Szkolne taśmy prawdy
Nagrywanie filmików komórkami to nie tylko szkolna moda, ale i sposób na zemstę na nielubianym nauczycielu - pisze "Metropol".
Zapytani przez gazetę młodzi ludzie, nie mieli problemu z pokazaniem efektów inwigilacji. Zdjęcia, filmy, nagrania audio - każdy z nich ma tego mnóstwo. Okazuje się, że nagranie dziwnej gestykulacji nielubianego pedagoga lub wyrwanego z kontekstu zdania jest najmodniejszym sposobem uczniowskiej zemsty.
Zdarza się, że nagrania przedstawiane są dyrekcji szkoły, aby wykazać niekompetencję nauczyciela. - Nagraliśmy go, gdy dostał szału, krzyczał i wymachiwał rękami - opowiada Tomek. - Robiliśmy też zdjęcia śmiesznych butów nauczycielki. Powstała z nich nawet internetowa galeria - dodaje.

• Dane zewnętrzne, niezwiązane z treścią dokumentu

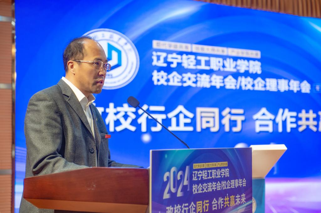 王运河向长期以来关心、支持和参与辽宁轻工职业学院建设发展的各级政府领导、企业家及广大校友表示感谢,向来宾介绍了学院近年来校企合作工作取得的丰硕成果。他表示,辽宁轻工职业学院始终坚持以立德树人为根本任务,致力于培养高技能应用型人才,关注行业发展趋势,紧跟企业人才需求实际,实行开放式办学,推进产学研深度融合,不断加强与企业、行业的交流合作,校企合作取得了丰硕成果。他提出,此次“政校行企同行 合作共赢未来”校企交流年会是校企双方的又一次亲密接触,将进一步推动学院与政府、行业、企业合作层次、合作范围,同时也是学院实施开放式办学的又一次新尝试、新跨越。全体辽轻人将勠力同心,为校企合作之路开创新的未来。

- Wiedzieliśmy, że nasz nauczyciel przeklina, gdy jest zdenerwowany. Nagraliśmy go więc w takiej sytuacji na wycieczce - dzieli się swoimi doświadczeniami Łukasz. Później film trafia do internetu, kompromitując nauczyciela.
Wystarczy obejrzeć choćby "łódzkiego nauczyciela" lub "lekcję polskiego" w internecie, żeby zwątpić w walory edukacyjne polskiej szkoły.
Takie zachowania uczniów oburzają pracowników oświaty. - Nauczyciel powinien wiedzieć o tym, że jest nagrywany, ponieważ jego lekcja jest strzeżona prawem autorskim - twierdzi Marzena Domaszewska, dyrektor Szkoły Podstawowej nr 210 w Warszawie. Władze kuratorium potwierdzają, że aby nagrać całą lekcję, trzeba mieć pozwolenie nauczyciela. Ale chodzi nie tylko o prawo.
- Po prostu nie życzę sobie, aby filmy z moich lekcji krążyły w internecie - mówi prosząca o anonimowość pedagog z Liceum Ogólnokształcącego we Wrocławiu. - Nagrywanie lekcji, nawet za zgodą dyrekcji szkoły, to przesada. Proszę wyobrazić sobie, jak czuje się nauczyciel, który cały czas jest nagrywany - dodaje.
Prawo oświatowe nie reguluje sprawy korzystania z kamer umieszczonych w komórkach na lekcjach. Rozstrzygnięcie w tej sprawie może natomiast stanowić prawo wewnątrzszkolne, zapisane w statucie szkoły.